# Need to update Kontakt?..help



## TerryD (Nov 25, 2017)

So...the question is - Ive caught the Black Friday bug and just HAVE to have a new string library or I'll die. Thing is, I'm looking at both Light & Sound's Chamber Strings and NI Symphonic Series String Ensemble (which I may or may not be entitled to a crossover price - but that's another question for another day/group). Both of these require Kontakt 5.6.8 which is a few versions above mine (eh..dont laugh, Kontakt 5 v3.10.4 ). Question - if I update to v 5.6.8 and find that all the problems that could go wrong with it DO go wrong, will I be able to get back to v3.10.4). Also, and this may make things easier, can I have the free Kontakt player installed alongside full Kontakt???

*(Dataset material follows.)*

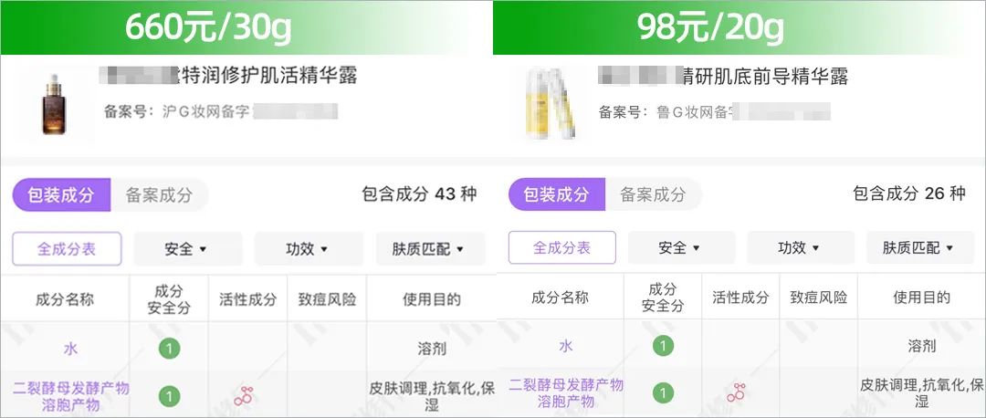 而二裂酵母发酵产物滤液、二裂酵母发酵产物提取物(后文简称“滤液”、“提取物”),更像是过滤/提取的残渣水,活性成分含量相对低,功效多以保湿为主。
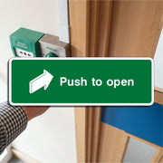 Push to Open Signs are to clearly inform people that a door or entryway operates by being pushed rather than pulled, slid, or turned. Push to Open Signs are simple yet crucial for guiding proper door use, enhancing accessibility, and ensuring efficient movement, especially in public, commercial, or emergency settings. All our safety signs are compliant with BS EN ISO 7010 where applicable.

AHH - so just found out you cant install Player if full Kontakt is already installed.


----------



## Quasar (Nov 25, 2017)

All of the so-called "legacy" Kontakt (5.6.6 and below) versions can be downloaded and installed if you have problems and need to revert. You can get 5.3x here after logging in:

https://www.native-instruments.com/en/support/downloads/update-manager/

As much as I _despise_ Native Access and the new system, it's a fact of life if you want to use newer Kontakt libraries. And to be fair, I haven't had any problems (other than the irritations that were purposefully designed by NI to be irritating). Everything is working fine, PC, W7 64.


----------



## kgdrum (Nov 25, 2017)

fwiw I stayed away from updating Kontakt for quite a while after hearing the horror stories early adopters experienced w/ Native Access updating to K5.68.
I was parked in K5.66 for months.......
Finally I made the move to update Kontakt after purchasing several libraries during this deluge of Black Friday sales that required updating Kontakt via Native Access.
Reluctantly I updated Kontakt to K5.71 a few days ago and was pleasantly surprised how well NA now works!
Kontakt 5.71 seems totally OK.
I also updated several libraries and synths that had available updates without any problems.
Updating and authorizing libraries and synths via Native Access is quick ,works and is well implemented.
Now I actually prefer Native Access over Service Center!
I'm using OSX 10.10 on my Mac Pro,I say go for it!


----------



## TerryD (Nov 26, 2017)

Ok guys..thanks. I'm going to cross my fingers, close my eyes and jump in. If I'm not back by tomorrow send someone to my studio to check on me. lol


----------